Data to process:
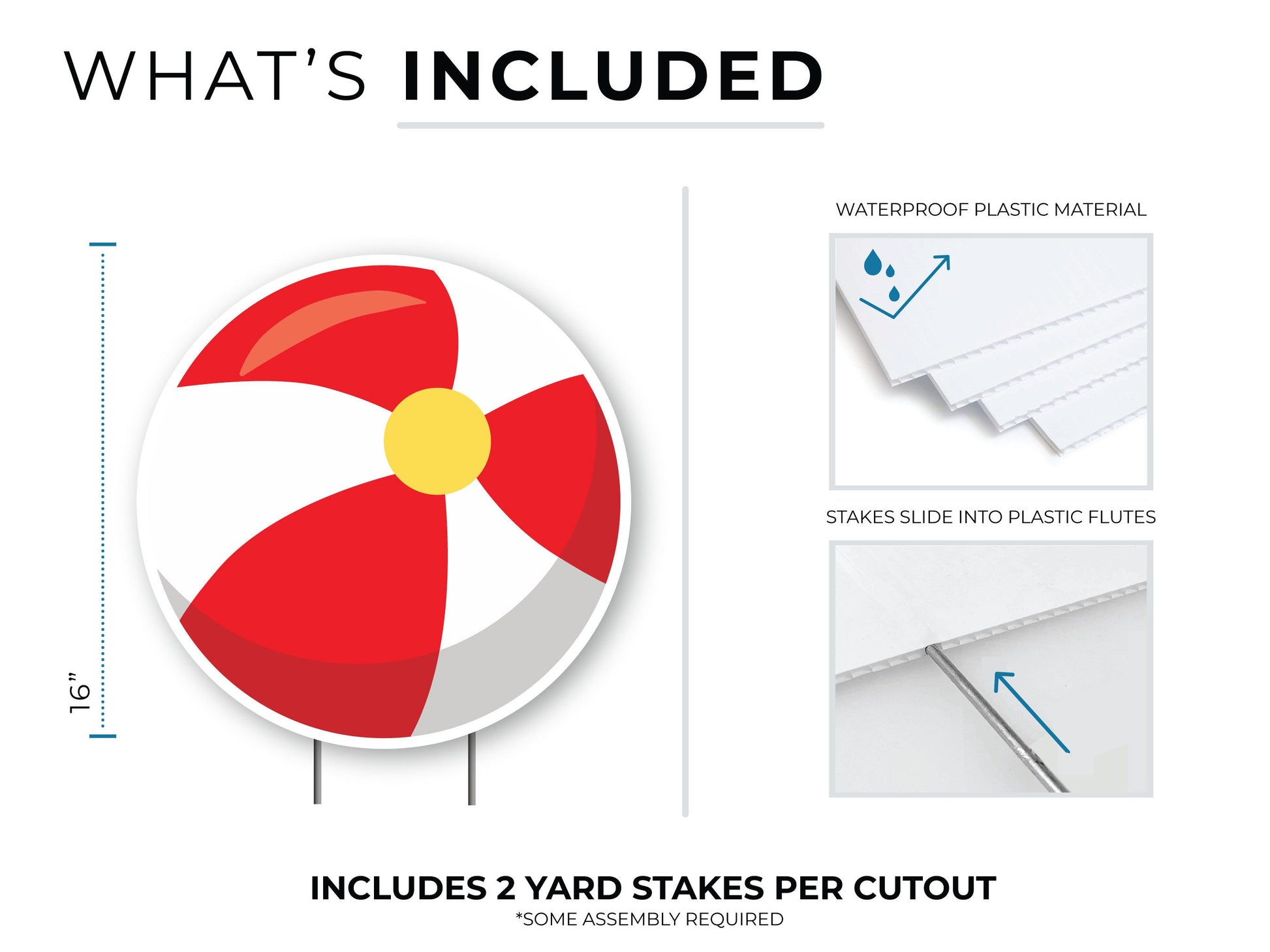 Beach Ball Yard Sign Cutout | Tropical Beach Décor | Personalized Lawn Party | Build Your Own Yard Cutout Set Customizable | Includes Stakes
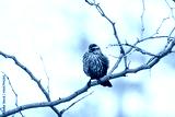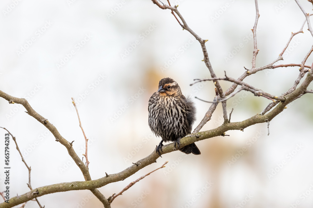 Close up view of juvenile Pine Siskin bird on a tree branch.
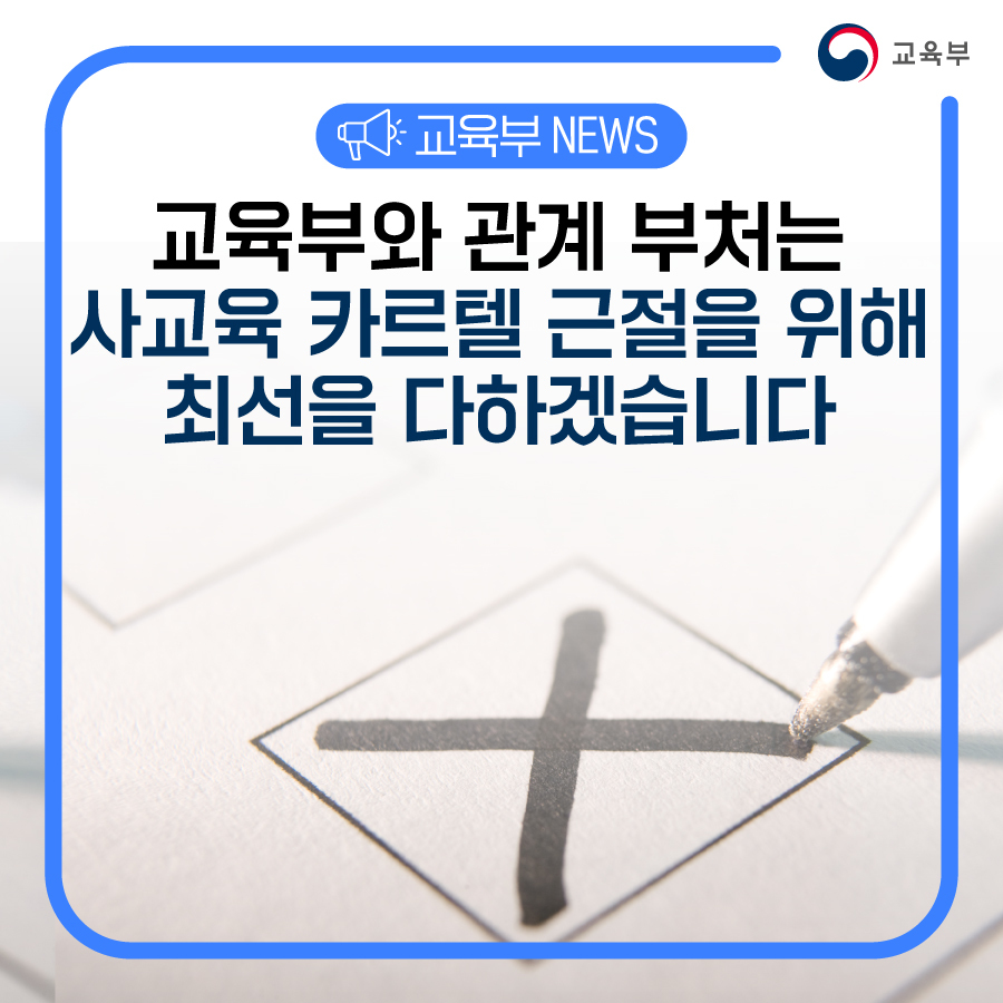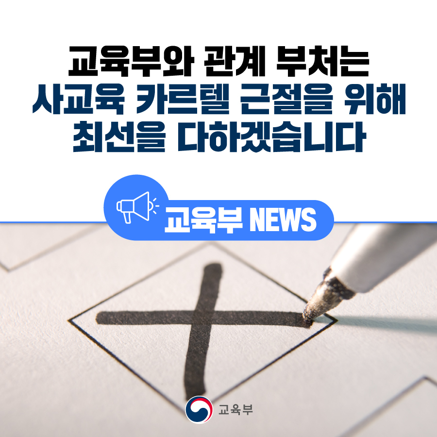 교육부와 관계 부처는 사교육 카르텔 근절을 위해 최선을 다하겠습니다. 본문
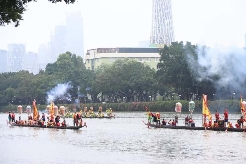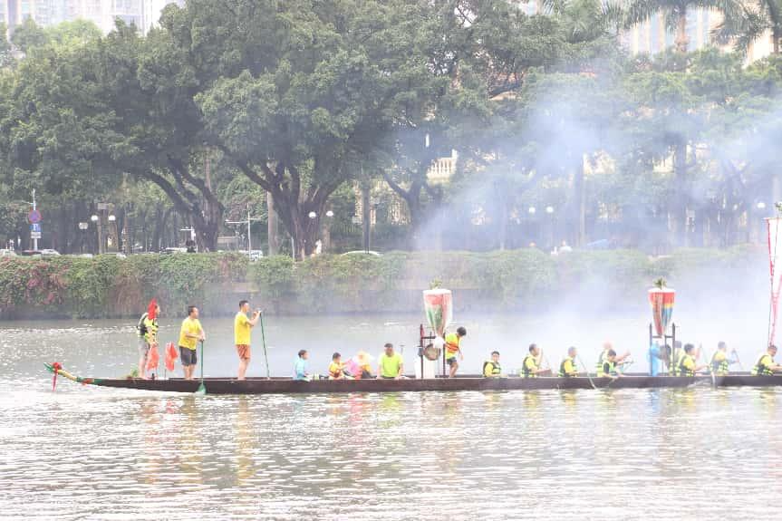 小e了解到,二沙龙舟在“采青”之后,将进行多次训练,并于农历五月初一至农历五月初五期间前往天河、黄埔等区的各个村落探亲趁景,并在五月初五当天举办端午正景“招景”。
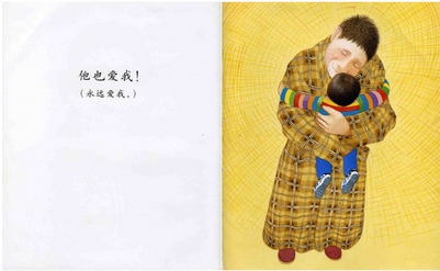爸爸就一直这样被比喻来比喻去,直到最后,“我爱我爸爸,而且你知道吗”,一双孩子手伸在爸爸的胸前,小太阳又出现在爸爸的睡衣纽扣上,爸爸露出慈祥的笑容和温柔的目光。再翻?到最后,“他也爱我。(永远爱我)”,爸爸把“我”紧紧地搂在怀里,背景是凸显“永远”的年轮或时光隧道。当读者沉浸在比喻的乐趣中时,作品突然机锋一转,变成了情感的倾诉,相信很多的读者在此时都会眼泪盈眶,破“笑”为“涕”。
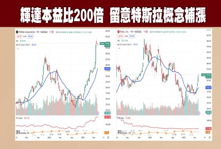 1.以輝達和特斯拉來做比較,雖然輝達目前是當紅炸子雞,但是他的本益比高達200倍以上,但特斯拉的股價扶搖直上之際,其本益比只有70倍。因此如果科技類股仍有漲市的話,目前的AI屬於高檔不應再追價;反之跟汽車相關的,如果還沒漲到。我們認為是下一棒的機會。
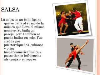 El documento describe varios bailes de salón latinos como la salsa, el merengue, el tango y el pasodoble. La salsa se originó en Puerto Rico y Cuba y se baila al ritmo de la música salsa. El merengue es el baile nacional de la República Dominicana y tiene pasos sencillos. El tango es un baile y género musical de Argentina y Uruguay que se baila en parejas abrazadas. El pasodoble imita los movimientos del torero y el toro.

Your task:
The response should hold only an exact retyping of the lines from the beginning of the data through the line containing "1.以輝達和特斯拉來做比較,雖然輝達目前", both ends kept, pictures omitted.

Problem solution:
 Beach Ball Yard Sign Cutout | Tropical Beach Décor | Personalized Lawn Party | Build Your Own Yard Cutout Set Customizable | Includes Stakes
 Close up view of juvenile Pine Siskin bird on a tree branch.
 교육부와 관계 부처는 사교육 카르텔 근절을 위해 최선을 다하겠습니다. 본문
 小e了解到,二沙龙舟在“采青”之后,将进行多次训练,并于农历五月初一至农历五月初五期间前往天河、黄埔等区的各个村落探亲趁景,并在五月初五当天举办端午正景“招景”。
爸爸就一直这样被比喻来比喻去,直到最后,“我爱我爸爸,而且你知道吗”,一双孩子手伸在爸爸的胸前,小太阳又出现在爸爸的睡衣纽扣上,爸爸露出慈祥的笑容和温柔的目光。再翻?到最后,“他也爱我。(永远爱我)”,爸爸把“我”紧紧地搂在怀里,背景是凸显“永远”的年轮或时光隧道。当读者沉浸在比喻的乐趣中时,作品突然机锋一转,变成了情感的倾诉,相信很多的读者在此时都会眼泪盈眶,破“笑”为“涕”。
 1.以輝達和特斯拉來做比較,雖然輝達目前是當紅炸子雞,但是他的本益比高達200倍以上,但特斯拉的股價扶搖直上之際,其本益比只有70倍。因此如果科技類股仍有漲市的話,目前的AI屬於高檔不應再追價;反之跟汽車相關的,如果還沒漲到。我們認為是下一棒的機會。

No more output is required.